Perhaps, in the way we experience the world, we can adopt an appreciation for the sort of holy chiaroscuro (a painting technique that makes use of contrasting light and darkness—leading to some of the most lifelike works of painted art, in my opinion) that the Divine Will employs in painting the fullness of human existence.

In the first reading, in a twisted kind of way, we see a king alleviate the suffering of the prophet Jeremiah, unjustly accused. (We’ll ignore, for now, the fact that the same king who showed this mercy was personally responsible for the injustice.) The psalm is filled with the thankful praises of one rescued from the very situation Jeremiah faced. The second reading is from Hebrews, a mysterious book among the most theologically rich in the New Testament—especially for Catholics. The actions in those verses are the things we are called to do: persevere, run the race, endure the cross despite its shame, endure opposition, struggle against sin, resist to the point of shedding blood. After all this, we may take a “seat at the right of the throne of God” with Christ.
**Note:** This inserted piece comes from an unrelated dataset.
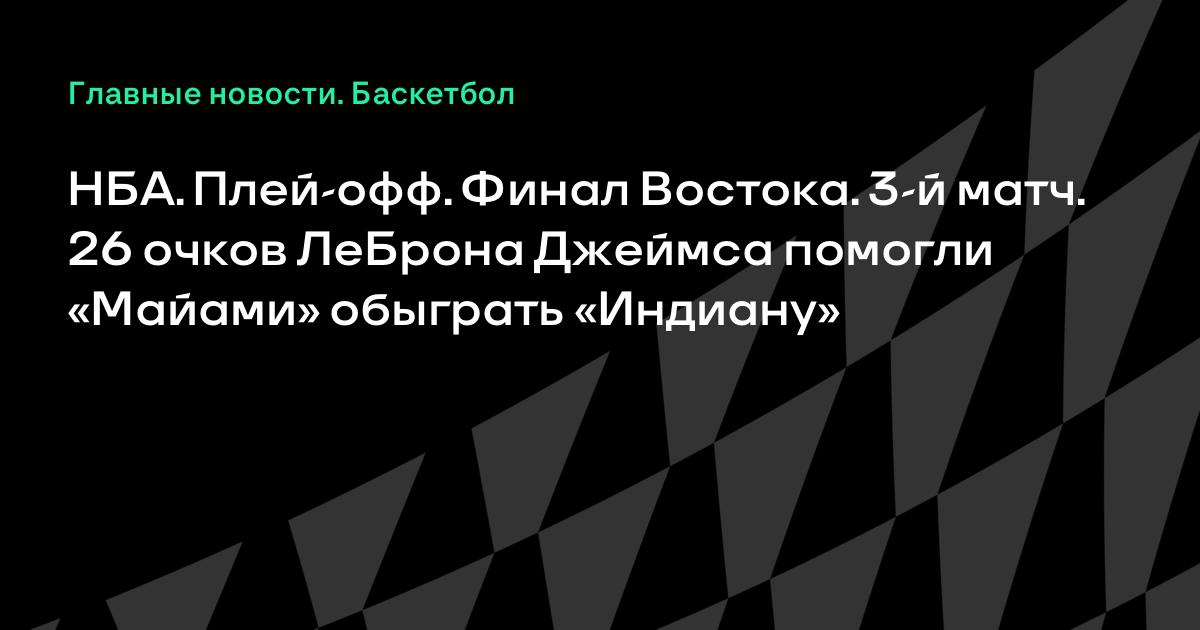 НБА. Плей-офф. Финал Востока. 3-й матч. 26 очков ЛеБрона Джеймса помогли «Майами» обыграть «Индиану»
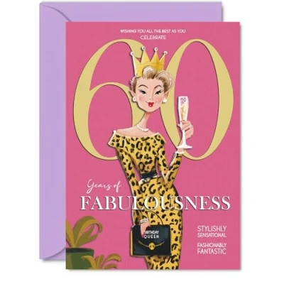 60th Birthday Cards for Women Years Of Fabulousness Happy Card 60 Year Old Woman Wife Grandma Neighbour Auntie, A5 Bday Greeting

None of this is to say we gain our own salvation, but it is through that struggle—and God’s intervening grace at every step—that we do not lose it.

Some of that struggle Jesus describes in his instruction to the Apostles: a fire on the earth, division that sets father in mutual opposition to son and mother mutually at odds with daughter. Jesus even tells us that he is in anguish, until his work is accomplished.

What, then, do we see in the suffering world around us? In the aged, slowly lost in the labyrinth of their own memories? In the poor, desperate for a way of life for their families? In the refugee, seeking a safe homeland? In the mothers, who have lost children to violence? In the unborn, deprived of even their right to live?

God never wills that we be subjected to evil, but all that does happen is twisted by the enemy of our souls to mean destruction and darkness. However, in his surpassing power, God twists these difficulties, not so much back to their original goodness, but further still, beyond the evil and ugliness we experience to a beauty and full glory that none could see—from glory, through hardship, to greater glory still.

We can and should live in the place of the psalmist today: I waited for the Lord, and he heard my cry. He drew me out of the pit of destruction. He put a new hymn of praise into my mouth. Though I am afflicted and poor, the Lord thinks of me; my help and deliverer. Remember Psalm 40 in every time of suffering and pray with hope that the words to that “hymn of praise” come to your lips.

For the Catholic, the Christian life is a way of goodness wrung through pain to full glory emerging from darkness. The Lord is painting our lives, not merely with colors that may be bright and pure, but with areas of darkness and deep tones redeemed through love to a beauty that has meaning and richness we could only behold having endured a road marked with suffering.